Records for the task ->
= = =

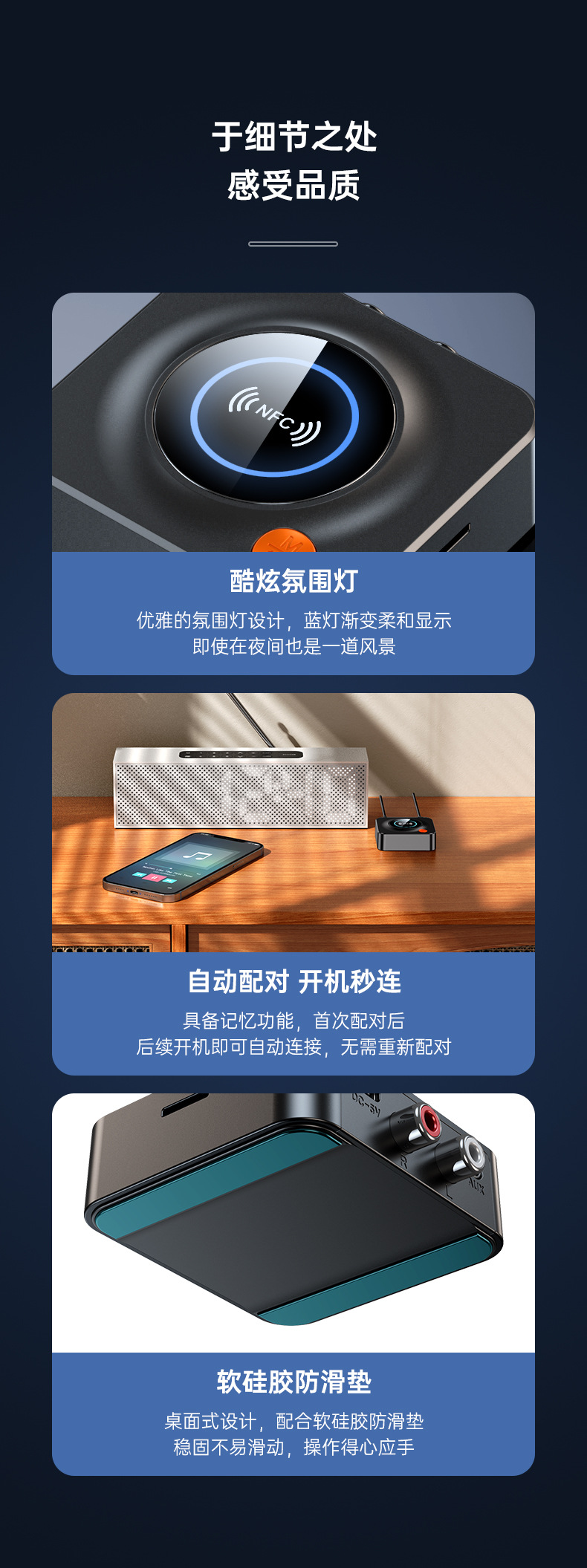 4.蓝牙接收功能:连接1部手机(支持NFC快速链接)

= = =

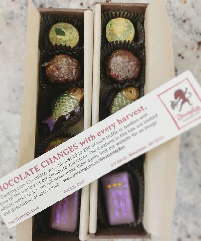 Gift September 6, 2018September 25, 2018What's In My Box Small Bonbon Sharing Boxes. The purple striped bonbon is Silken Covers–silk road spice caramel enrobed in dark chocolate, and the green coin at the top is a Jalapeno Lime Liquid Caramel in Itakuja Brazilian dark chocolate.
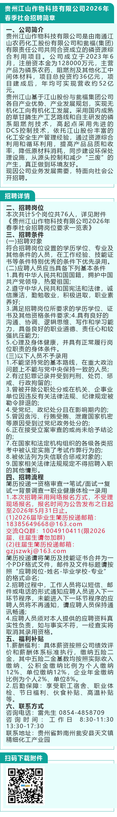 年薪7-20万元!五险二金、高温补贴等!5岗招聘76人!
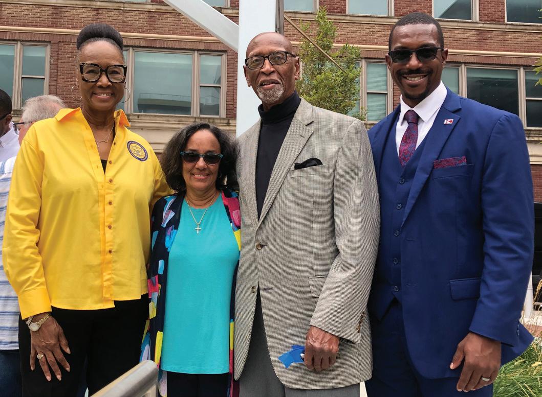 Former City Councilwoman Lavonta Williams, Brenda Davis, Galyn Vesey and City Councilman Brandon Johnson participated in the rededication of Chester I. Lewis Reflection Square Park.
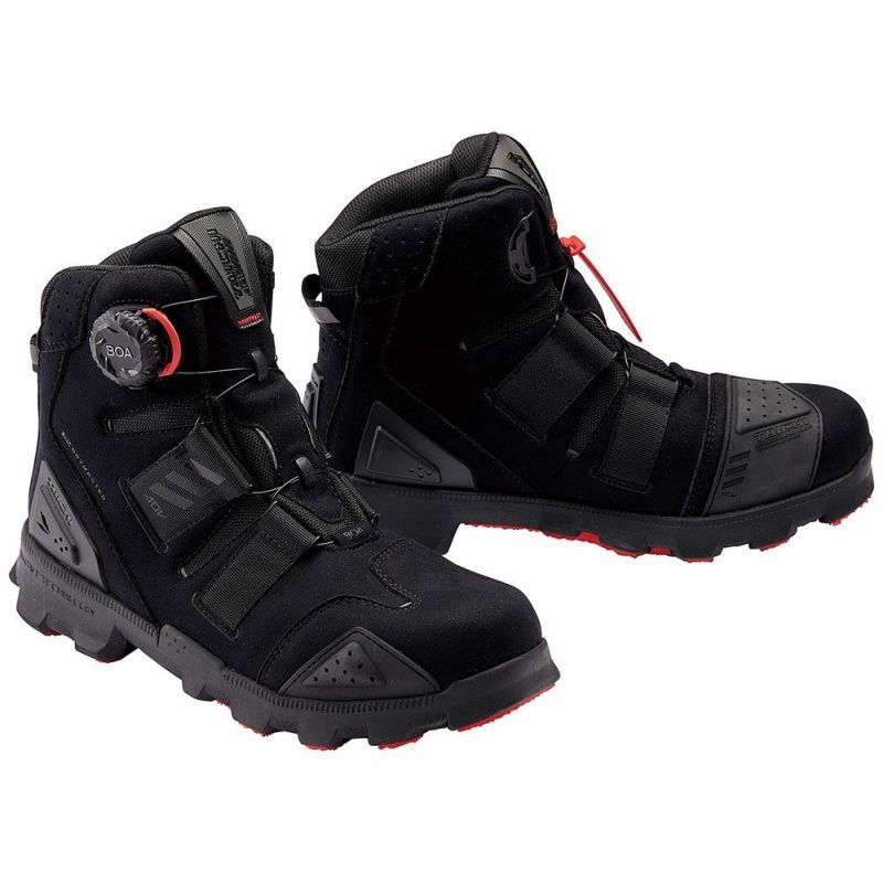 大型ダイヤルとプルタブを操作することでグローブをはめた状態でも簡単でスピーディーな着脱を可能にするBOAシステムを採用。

= = =

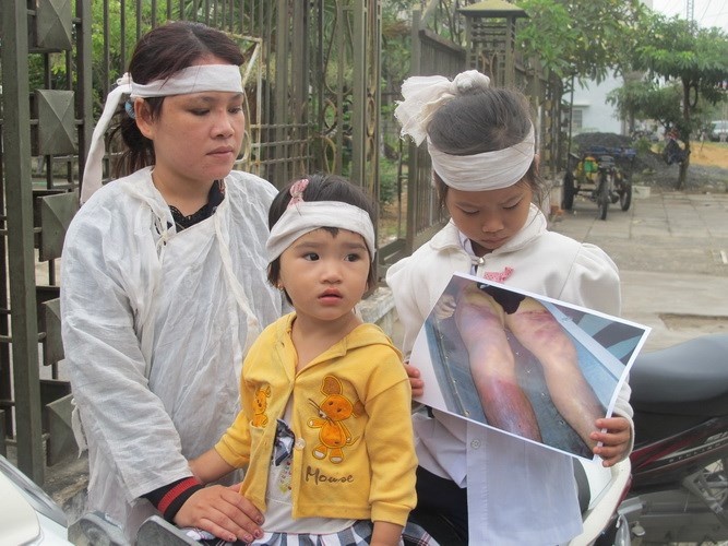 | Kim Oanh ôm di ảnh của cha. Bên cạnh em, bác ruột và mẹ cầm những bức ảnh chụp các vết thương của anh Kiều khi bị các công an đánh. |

= = =

Your objective -> The result should be an exact copy of only the lines above from the one that holds "Former City Councilwoman" through the one that holds "大型ダイヤルとプルタブを操作", both ends included, without pictures.

Result below ->
 Former City Councilwoman Lavonta Williams, Brenda Davis, Galyn Vesey and City Councilman Brandon Johnson participated in the rededication of Chester I. Lewis Reflection Square Park.
 大型ダイヤルとプルタブを操作することでグローブをはめた状態でも簡単でスピーディーな着脱を可能にするBOAシステムを採用。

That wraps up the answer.